(DATA EXTRACT begins)

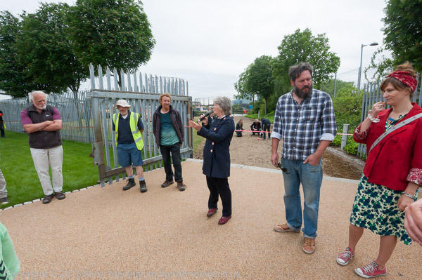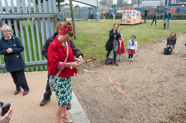and a Cody Dock volunteer snips the ribbon and 'The Line' is open
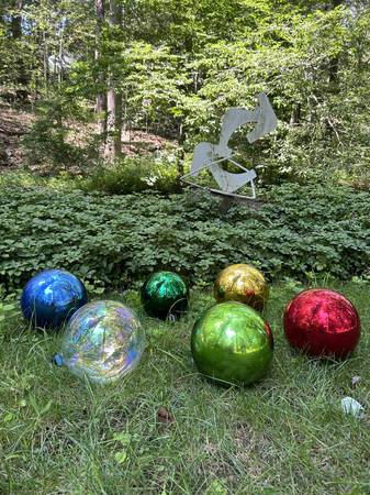 Classy Garden Balls ~ Vintage Mercury Glass $20 each Special way to make your garden even more special! Each has 10" diameter, very good pre-owned condition Can be displayed just on the ground or...
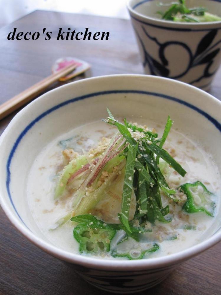 器に、そうめんを盛り、冷やしておいたAを流し入れ、オクラ+きゅうり+薬味を乗せ、すりごまをトッピングしたら、完成♪
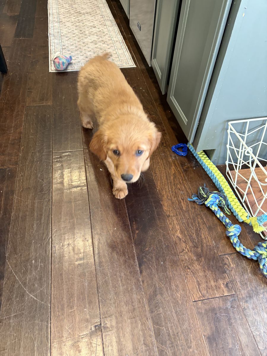 Golden retriever puppy!! She is an absolute doll!! She is so sweet she loves to be loved on! She loves to cuddle! She also loves to play! She sleeps through the night in her crate! She dose really well in her crate!

(DATA EXTRACT ends)

WORK REQUIRED:
Transcribe exactly the portion of the material above that runs from the line containing "Classy Garden Balls" through its last line, omitting all pictures.

SOLUTION TO THIS PROBLEM:
 Classy Garden Balls ~ Vintage Mercury Glass $20 each Special way to make your garden even more special! Each has 10" diameter, very good pre-owned condition Can be displayed just on the ground or...
 器に、そうめんを盛り、冷やしておいたAを流し入れ、オクラ+きゅうり+薬味を乗せ、すりごまをトッピングしたら、完成♪
 Golden retriever puppy!! She is an absolute doll!! She is so sweet she loves to be loved on! She loves to cuddle! She also loves to play! She sleeps through the night in her crate! She dose really well in her crate!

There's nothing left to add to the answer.